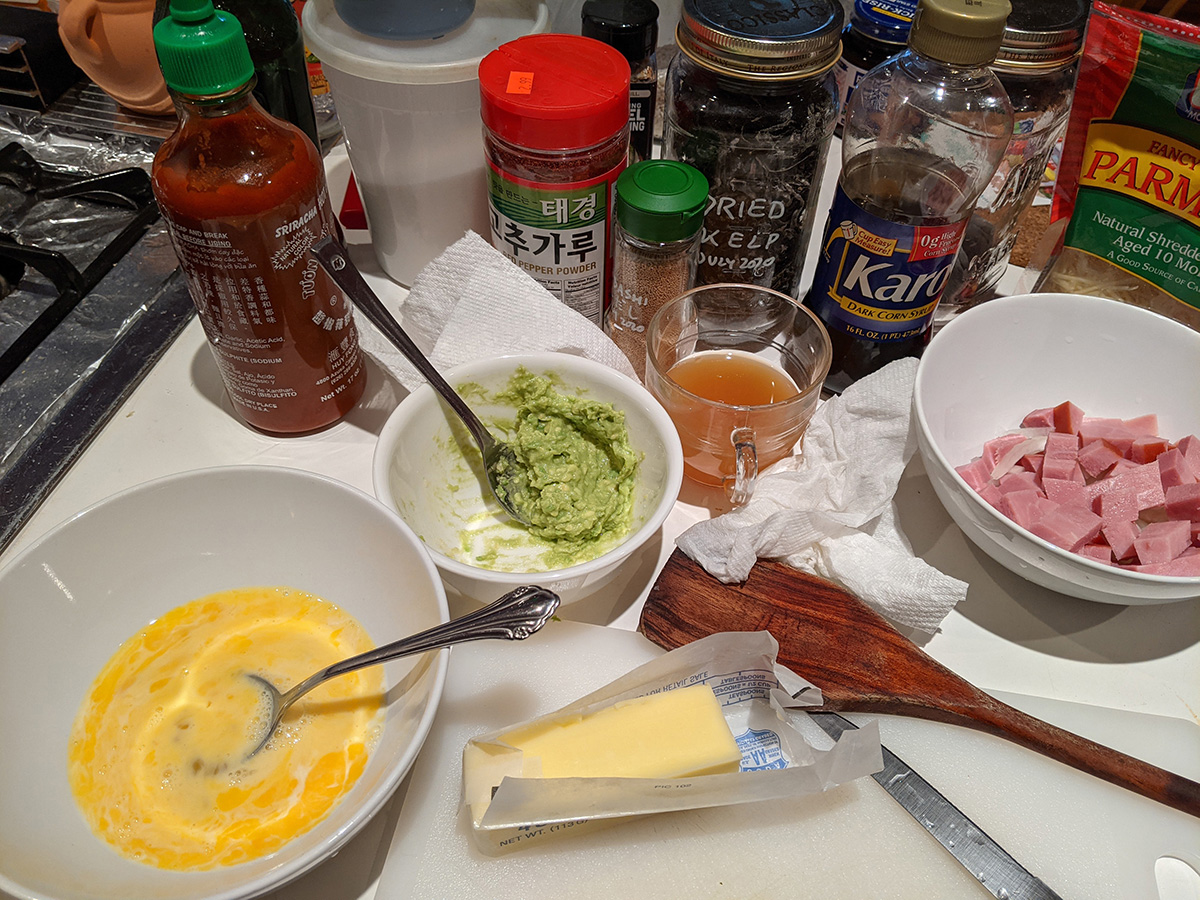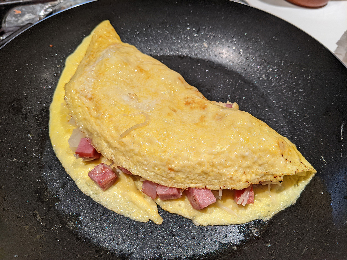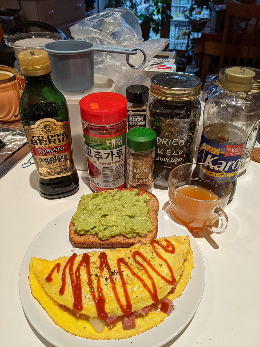 for lunch i made an omelette (ham and onion) with a slice of avocado toast toasted in a toaster.
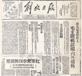 1944年6月13日 延安《解放日报》刊登报道:《接见记者团席上毛主席畅谈国内外局势》毛泽东在《解放日报》的一篇社论中写道:“关于共产党的真相究竟如何这一方面,大多数的外国人与大后方的中国人,还是不明白的……”“但是事实胜于雄辩,真理高于一切,外国人中国人的眼睛,总有一天会亮起来的。现在,果然慢慢地亮起来了。”雄鸡一唱天下白。在中外记者团的正义报道下,“所有对八路军污蔑的谣言已被事实所粉碎,任何封锁都已封锁不住了”,一个真实的共产党正用坦荡、磊落的襟怀,开放、自信的心态,拨云见日,步入世界舞台。
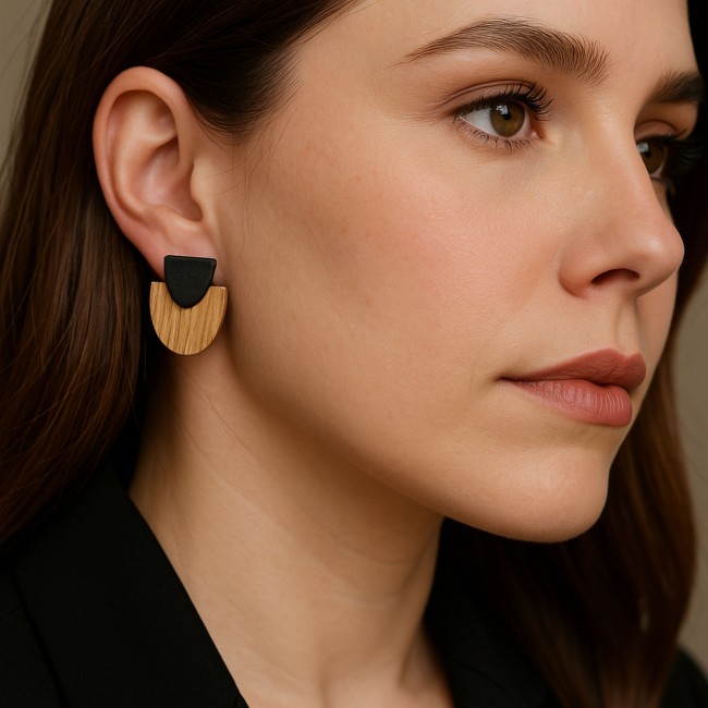 Ces boucles d’oreilles associent l’intensité profonde du poirier noir à la chaleur authentique du chêne. Leur design géométrique, sobre et raffiné, sublime la force du contraste bois clair/bois foncé. Lyana, c’est l’essence du chic minimaliste : un bijou intemporel qui attire les regards par sa simplicité maîtrisée.
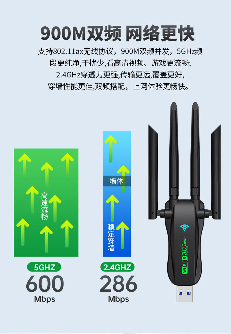Wifi6 бесприводной AX900 USB беспроводная сетевая карта 5G Gigabit двухдиапазонный ноутбук Wi-Fi приемник передачи
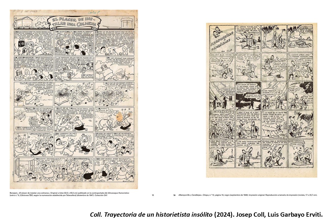 A lo largo del año 2024, hemos podido visitar las exposiciones organizadas en homenaje al autor en el Museu del Còmic i la Il·lustració de Sant Cugat del Vallès, una singular instalación e iniciativa promovida por José Luis Villanueva y Paco Baena, y en la Biblioteca Esquerra de l’Eixample–Agustí Centelles, en la sala Teresa Pàmies, con la exposición Coll cumple 100 años. Exposición sin palabras, comisariada por Luis Garbayo Erviti. De este experto en la obra del autor, Norma Editorial ha publicado el libro de arte Coll. Trayectoria de un historietista insólito (2024), con una extensa selección de originales y publicaciones de Josep Coll, con una cuidada edición y textos de análisis de Garbayo.
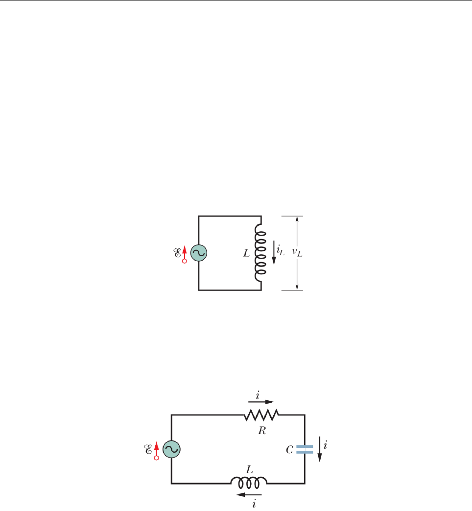 UNIVERSIDADE ESTADUAL DO CENTRO OESTE Engenharia de Alimentos - Eletrotécnica Lista de Exerćıcios - Corrente Alternada 1. Uma resistência de 800 Ω é conectado a um gerador com ε = 220 V . Calcule a corrente elétrica I, o ângulo de fase ϕ e desenhe o diagrama de fasores. R: 0,25 A 2. Para um circuito composto por um capacitor de 15 µF e um gerador de 36 V e f = 60 Hz, determine: (a) a reatância capacitiva, (b) a amplitude da corrente e (c) o âgulo de fase. R: (a) 176,8 Ω e (b) 0,2 A 3. Para o circuito abaixo, L = 250 mH, ε = 40 V e f = 60 Hz. (a) Qual é a diferença de potencial vL entre os terminais do indutor e qual é o valor de VL? (b) Qual é a corrente iL no circuito e qual o valor de IL? (c) Desenhe o diagrama de fasores. R: (a) 40sen(377t + 90○) V e (b) 0,4sen(377t) A 4. Na figura abaixo, R = 800 Ω, C = 15 µF , L = 250 mH, f = 60 Hz e ε = 40 V . (a) Qual é a amplitude da corrente? (b) Qual é a constante de fase ϕ? (c) Para qual frequência teŕıamos a máxima amplitude de corrente? R: (a) 49,7 mA, (b) −5,89○ e (c) 82,2 Hz 5. Considere o circuito do exerćıcio anterior, agora com todos os componentes conectados em paralale. (a) Qual é a amplitude da corrente? (b) Qual é a constante de fase? R: (a) 0,2 A e (b) −75,8○ 6. Uma tensão de 110 V é aplicada à dois resistores de 5 Ω e de 15 Ω ligados em série. Calcule a corrente e a queda de tensão através de cada resistência. Faça o diagrama de fasores. R: 5,5 A, V5 Ω = 27,5 V e V15 Ω = 82,5 V 7. Um motor consome 1,4 kW e 7,8 A de uma linha de 220 V e 60 Hz. Qual deverá ser a capacitância de um capacitor ligado em paralelo a fim de se obter um FP = 1? R: 54,3 µF 8. Um motor ca funcionando com 75% de FP , retirando 8 A de uma linha de 110 V . Calcule a potência aparente e a potência real. R: 880 V A e 660 W 9. Qual deve ser o valor da capacitância do capacitor a ser acoplada em cada um dos motores mostrados na figura abaixo de modo a se obter FP = 1? Aqui, 1 cv = 735,5W e 1 hp = 745,7W . R: (a) 14,9 mF , (b) 20,3 µF , (c) 208 µF e (d) 41,96 µF 10. Um motor funcionando com 85% de FP consome 300 W de uma linha de 110 V . Qual é a corrente retirada da rede? R: 3,2 A 11. Um circuito RLC série possui uma frequência de ressonância de 42 Hz. Quando uma fonte de tensão ac com ε = 32 V e frequência de 91 Hz é conectada ao circuito, ele apresenta uma impedância de 78 Ω e uma fase ϕ = 24,5○. Com base nestas informações, determine o valor de (a) R, (b) L e (c) C. R: (a) 71 Ω, (b) 71,9 mH e (c) 199,7 µF 12. O gráfico abaixo mostra o comportamento da corrente I em um circuito RLC série em função da frequência f . Considerando L = 149 mH e ε = 32 V , determine (a) C e (b) R. R: (a) 272 µF e (b) 8 Ω 13. O circuito RL da figura é alimentado por uma fonte ca, cuja tensão é descrita pela expressão v = 12sen(312t) V . Considerando L = 450 mH, (a) determine o valor de R para o qual a tensão sobre o resistor estará atrasada de 35○ em relação a tensão da fonte de alimentação. (b) Para esta situação, qual será o valor de VR? Dica: considere um circuito RLC com C = 0. R: (a) 200,5 Ω e (b) 9,8 V 14. Um gerador fornece ε = 120 V a f = 60 Hz ao circuito mostrado abaixo. Quando a chave S é mantida na posição mostrada, observa-se que a tensão do gerador está atrasada em relação a corrente de 20○. Com a chave na posição 1, tem-se um adiantamento da tensão de 10○ e, com a chave na posição 2, é medida uma corrente de amplitude igual a 2 A no circuito. Determine, para este circuito, os valores de (a) R, (b) L e (c) C. R: (a) 165 Ω, (b) 316 mH e (c) 14,8 µF 15. Para um circuito RLC série, a amplitude da tensão aplicada é ε = 125 V e a amplitude da corrente no circuito é 3,2 A. Se a tensão está atrasada em relação a corrente de 56,3○, determine os valores de (a) Z e (b) R do circuito. R: (a) 31,9 Ω e (b) 21,7 Ω

****

[TO DO] All of the material should be written out again exactly, apart from the pictures.

[REPLY TO THE EXERCISE]
 for lunch i made an omelette (ham and onion) with a slice of avocado toast toasted in a toaster.
 1944年6月13日 延安《解放日报》刊登报道:《接见记者团席上毛主席畅谈国内外局势》毛泽东在《解放日报》的一篇社论中写道:“关于共产党的真相究竟如何这一方面,大多数的外国人与大后方的中国人,还是不明白的……”“但是事实胜于雄辩,真理高于一切,外国人中国人的眼睛,总有一天会亮起来的。现在,果然慢慢地亮起来了。”雄鸡一唱天下白。在中外记者团的正义报道下,“所有对八路军污蔑的谣言已被事实所粉碎,任何封锁都已封锁不住了”,一个真实的共产党正用坦荡、磊落的襟怀,开放、自信的心态,拨云见日,步入世界舞台。
 Ces boucles d’oreilles associent l’intensité profonde du poirier noir à la chaleur authentique du chêne. Leur design géométrique, sobre et raffiné, sublime la force du contraste bois clair/bois foncé. Lyana, c’est l’essence du chic minimaliste : un bijou intemporel qui attire les regards par sa simplicité maîtrisée.
Wifi6 бесприводной AX900 USB беспроводная сетевая карта 5G Gigabit двухдиапазонный ноутбук Wi-Fi приемник передачи
 A lo largo del año 2024, hemos podido visitar las exposiciones organizadas en homenaje al autor en el Museu del Còmic i la Il·lustració de Sant Cugat del Vallès, una singular instalación e iniciativa promovida por José Luis Villanueva y Paco Baena, y en la Biblioteca Esquerra de l’Eixample–Agustí Centelles, en la sala Teresa Pàmies, con la exposición Coll cumple 100 años. Exposición sin palabras, comisariada por Luis Garbayo Erviti. De este experto en la obra del autor, Norma Editorial ha publicado el libro de arte Coll. Trayectoria de un historietista insólito (2024), con una extensa selección de originales y publicaciones de Josep Coll, con una cuidada edición y textos de análisis de Garbayo.
 UNIVERSIDADE ESTADUAL DO CENTRO OESTE Engenharia de Alimentos - Eletrotécnica Lista de Exerćıcios - Corrente Alternada 1. Uma resistência de 800 Ω é conectado a um gerador com ε = 220 V . Calcule a corrente elétrica I, o ângulo de fase ϕ e desenhe o diagrama de fasores. R: 0,25 A 2. Para um circuito composto por um capacitor de 15 µF e um gerador de 36 V e f = 60 Hz, determine: (a) a reatância capacitiva, (b) a amplitude da corrente e (c) o âgulo de fase. R: (a) 176,8 Ω e (b) 0,2 A 3. Para o circuito abaixo, L = 250 mH, ε = 40 V e f = 60 Hz. (a) Qual é a diferença de potencial vL entre os terminais do indutor e qual é o valor de VL? (b) Qual é a corrente iL no circuito e qual o valor de IL? (c) Desenhe o diagrama de fasores. R: (a) 40sen(377t + 90○) V e (b) 0,4sen(377t) A 4. Na figura abaixo, R = 800 Ω, C = 15 µF , L = 250 mH, f = 60 Hz e ε = 40 V . (a) Qual é a amplitude da corrente? (b) Qual é a constante de fase ϕ? (c) Para qual frequência teŕıamos a máxima amplitude de corrente? R: (a) 49,7 mA, (b) −5,89○ e (c) 82,2 Hz 5. Considere o circuito do exerćıcio anterior, agora com todos os componentes conectados em paralale. (a) Qual é a amplitude da corrente? (b) Qual é a constante de fase? R: (a) 0,2 A e (b) −75,8○ 6. Uma tensão de 110 V é aplicada à dois resistores de 5 Ω e de 15 Ω ligados em série. Calcule a corrente e a queda de tensão através de cada resistência. Faça o diagrama de fasores. R: 5,5 A, V5 Ω = 27,5 V e V15 Ω = 82,5 V 7. Um motor consome 1,4 kW e 7,8 A de uma linha de 220 V e 60 Hz. Qual deverá ser a capacitância de um capacitor ligado em paralelo a fim de se obter um FP = 1? R: 54,3 µF 8. Um motor ca funcionando com 75% de FP , retirando 8 A de uma linha de 110 V . Calcule a potência aparente e a potência real. R: 880 V A e 660 W 9. Qual deve ser o valor da capacitância do capacitor a ser acoplada em cada um dos motores mostrados na figura abaixo de modo a se obter FP = 1? Aqui, 1 cv = 735,5W e 1 hp = 745,7W . R: (a) 14,9 mF , (b) 20,3 µF , (c) 208 µF e (d) 41,96 µF 10. Um motor funcionando com 85% de FP consome 300 W de uma linha de 110 V . Qual é a corrente retirada da rede? R: 3,2 A 11. Um circuito RLC série possui uma frequência de ressonância de 42 Hz. Quando uma fonte de tensão ac com ε = 32 V e frequência de 91 Hz é conectada ao circuito, ele apresenta uma impedância de 78 Ω e uma fase ϕ = 24,5○. Com base nestas informações, determine o valor de (a) R, (b) L e (c) C. R: (a) 71 Ω, (b) 71,9 mH e (c) 199,7 µF 12. O gráfico abaixo mostra o comportamento da corrente I em um circuito RLC série em função da frequência f . Considerando L = 149 mH e ε = 32 V , determine (a) C e (b) R. R: (a) 272 µF e (b) 8 Ω 13. O circuito RL da figura é alimentado por uma fonte ca, cuja tensão é descrita pela expressão v = 12sen(312t) V . Considerando L = 450 mH, (a) determine o valor de R para o qual a tensão sobre o resistor estará atrasada de 35○ em relação a tensão da fonte de alimentação. (b) Para esta situação, qual será o valor de VR? Dica: considere um circuito RLC com C = 0. R: (a) 200,5 Ω e (b) 9,8 V 14. Um gerador fornece ε = 120 V a f = 60 Hz ao circuito mostrado abaixo. Quando a chave S é mantida na posição mostrada, observa-se que a tensão do gerador está atrasada em relação a corrente de 20○. Com a chave na posição 1, tem-se um adiantamento da tensão de 10○ e, com a chave na posição 2, é medida uma corrente de amplitude igual a 2 A no circuito. Determine, para este circuito, os valores de (a) R, (b) L e (c) C. R: (a) 165 Ω, (b) 316 mH e (c) 14,8 µF 15. Para um circuito RLC série, a amplitude da tensão aplicada é ε = 125 V e a amplitude da corrente no circuito é 3,2 A. Se a tensão está atrasada em relação a corrente de 56,3○, determine os valores de (a) Z e (b) R do circuito. R: (a) 31,9 Ω e (b) 21,7 Ω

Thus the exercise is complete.